Boston Scientific (BSX) was one of yesterday’s stocks with above-average options and share volume. The former was 607,406, 11.5 times its 30-day average, while its share volume of 44.94 million was more than double its average volume.

Unsurprisingly, the medical devices stock had significant unusual options activity that included two of the top three Vol/OI (volume-to-open-interest) ratios and four over 10.0.

It’s been a while since I’ve seen such a high Vol/OI ratio. I might not be the sharpest tool in the drawer, but it can’t be a coincidence that the Dec. 18 $67.50 call and Dec. 18 $40 put’s Vol/OI ratios were so high.

The combination screams M&A. Here’s why. 

Have an excellent weekend. 

The BSX Options in Question

To put yesterday’s volume in context, 607,406 contracts traded was the highest daily amount in the past 12 months, 4.8 times higher than the second-highest volume of 126,575 on Jan. 20. 

The call and put expiring on Dec. 18 in 205 days accounted for nearly 50% of the overall volume. Determining the possible options strategies at play involves a closer look at the trades for both options. 

Here are the two notable call trades. One happened at 11:04 a.m. ET yesterday, while the other was three minutes later at 11:07. These two trades accounted for 97.6% of the contract volume for the Dec. 18 $67.50 call. 

Here are the four notable put trades. Two happened at 11:04 a.m. ET yesterday, while the other two were three minutes later at 11:07. These four trades accounted for 97.9% of the contract volume for the Dec. 18 $40 put. 

It could be a coincidence that the put volume at both 11:04 and 11:07 was precisely 40% of the call volume for trades at 11:04 and 11:07. Of course, if you believe that, you also believe in Santa Claus. 

The M&A Angle

On Wednesday, BSX shares lost more than 12% due to a couple of reasons. 

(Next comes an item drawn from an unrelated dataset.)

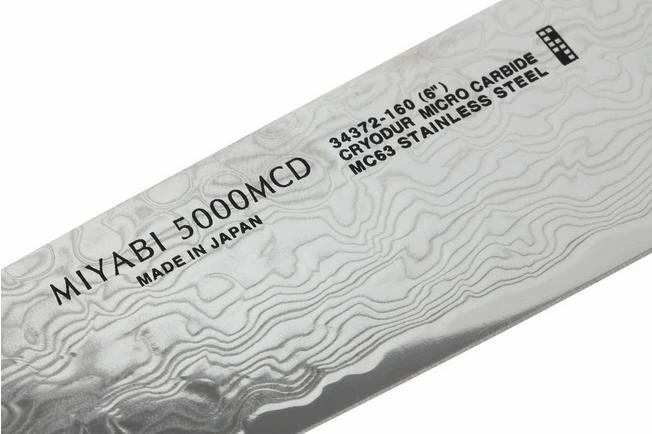The Miyabi 5000MCD chutoh comes from the Zwilling J. A. Henckels factory in Seki, Japan. Striking are the ergonomically shaped handle with Masur birch D-shape and the beautiful drawing of damask steel on the blade.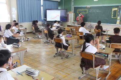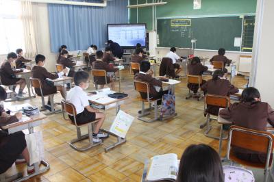 1年生の様子です。 電子黒板を活用しながら授業しています。

First, several analysts published bearish takes on the stock, while Wolfe Research analyst downgraded BSX from Outperform to Peer Perform, and Wells Fargo downgraded it to Hold from Strong Buy. 

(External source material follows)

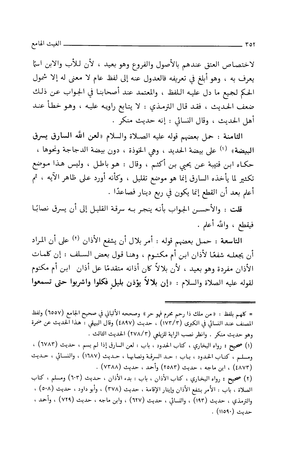 لاختصاص العتق عندهم بالأصول والفروع وهو بعيد، لأن للأب والابن اسما يعرف به، هو أبلغ في تعريفه فالعدول عنه إلى لفظ عام لا معنى له إلا شمول الحكم لجميع ما دل عليه اللفظ، والمعتمد عند أصحابنا في الجواب عن ذلك ضعف الحديث، فقد قال الترمذي: لا يتابع راويه عليه، وهو خطأ عند أهل الحديث، وقال النسائي: إنه حديث منكر.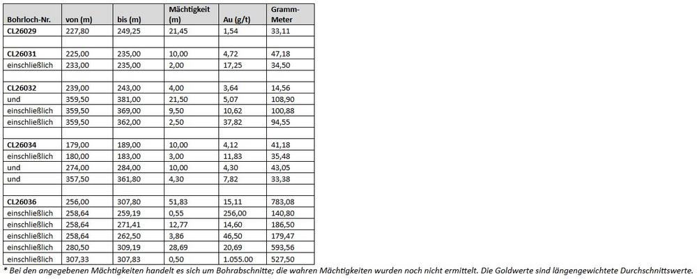 –          Bohrloch CL26036 durchteufte 15,11 g/t Gold (Au) auf 51,83 m ab 256,00 m

Secondly, and part of the reason some analysts were negative, was CEO Mike Mahoney's comments on Wednesday, suggesting that its Watchman device, used to close the left atrial appendage, was experiencing declining usage for stand-alone procedures.  

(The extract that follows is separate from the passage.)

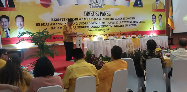 Ketua Umum Partai Golkar, Airlangga Hartarto, dalam sambutan pembukaan diskusi panel mengatakan, acara tersebut menjadi mediasi antara pemilik hak cipta dengan pengguna dan industrinya.

BSX stock is now down nearly 49% year-to-date, trading at or near a three-year low. With investors skeptical about the company’s ability to meet its 2026 organic growth guidance of 7.3% at the midpoint, the downward pressure on its stock could persist for some time. 

So, with its stock 55% off its September 2025 all-time high of $109.50, the institution making this big bet could know, or be speculating, that an offer from Johnson & Johnson (JNJ) or another large medical device company is interested in buying Boston Scientific at a time when its stock is cheap.      

Conjecture, of course, but it’s not uncommon for a CEO to talk down a segment of its business when negotiating a sale to keep investors off the scent and potential buyers interested. 

We’ll see soon enough.

Hedging Their Bet

Another possibility is that this big institution doesn’t know anything specific about a buyout but believes it could be a catalyst for upside by December, and already has a large position in BSX. The 207,200 calls are 2.5 times the 82,880 puts, indicating a bullish sentiment. 

However, one of two things could be happening regarding the puts. Either the institution long on the calls was buying puts for downside protection, should the buyout thesis not materialize, or it was selling puts for premium to reduce the cost of the calls from $34.1 million to $16.4 million. It’s a cheap way to make a leveraged bet. 

In either scenario, the institution is betting that a major catalyst is on the horizon. 

The Bottom Line BSX Play

The options strategy at play here appears to be a Long Ratio Strangle, where the institution buys 10 calls for every 4 puts. The 207,200 call contracts divided by 10 equals 20,720; the 82,880 call contracts divided by 4 equals 20,720 units. The math works. 

In a standard Long Strangle, the investor buys one call and one put. Below is the BSX data as of early Friday morning. As you can see, its share price has dropped slightly from yesterday’s close. The net debit of $4.60 is below 10% of the share price, which is ideal leverage. 

To make money on this strategy, the share price in December must be above the $72.10 upside breakeven or below the $35.40 downside breakeven. The expected 22.13% move suggests that only a buyout will deliver the premium necessary to make money. The implication is that the institution expects an offer of more than $72.10 per share.

Let’s assume someone makes a $90-per-share offer, an 84% premium over its current share price. I don’t know BSX well enough to make an educated guess at what a fair price should be. Let’s assume $90 is fair. 

The profit on this standard strangle would be $1,790 [$90 share price - $67.50 call strike - $4.60 net debit * 100 shares]. 

The profit on the institution's bet requires a little more legwork. 

1) The 10:4 ratio’s cost per unit would be $3,130 [(10 calls @ $2.15 = $21.50 * 100 = $2,150) + (4 puts at $2.45 = $9.80 * 100 = $980)].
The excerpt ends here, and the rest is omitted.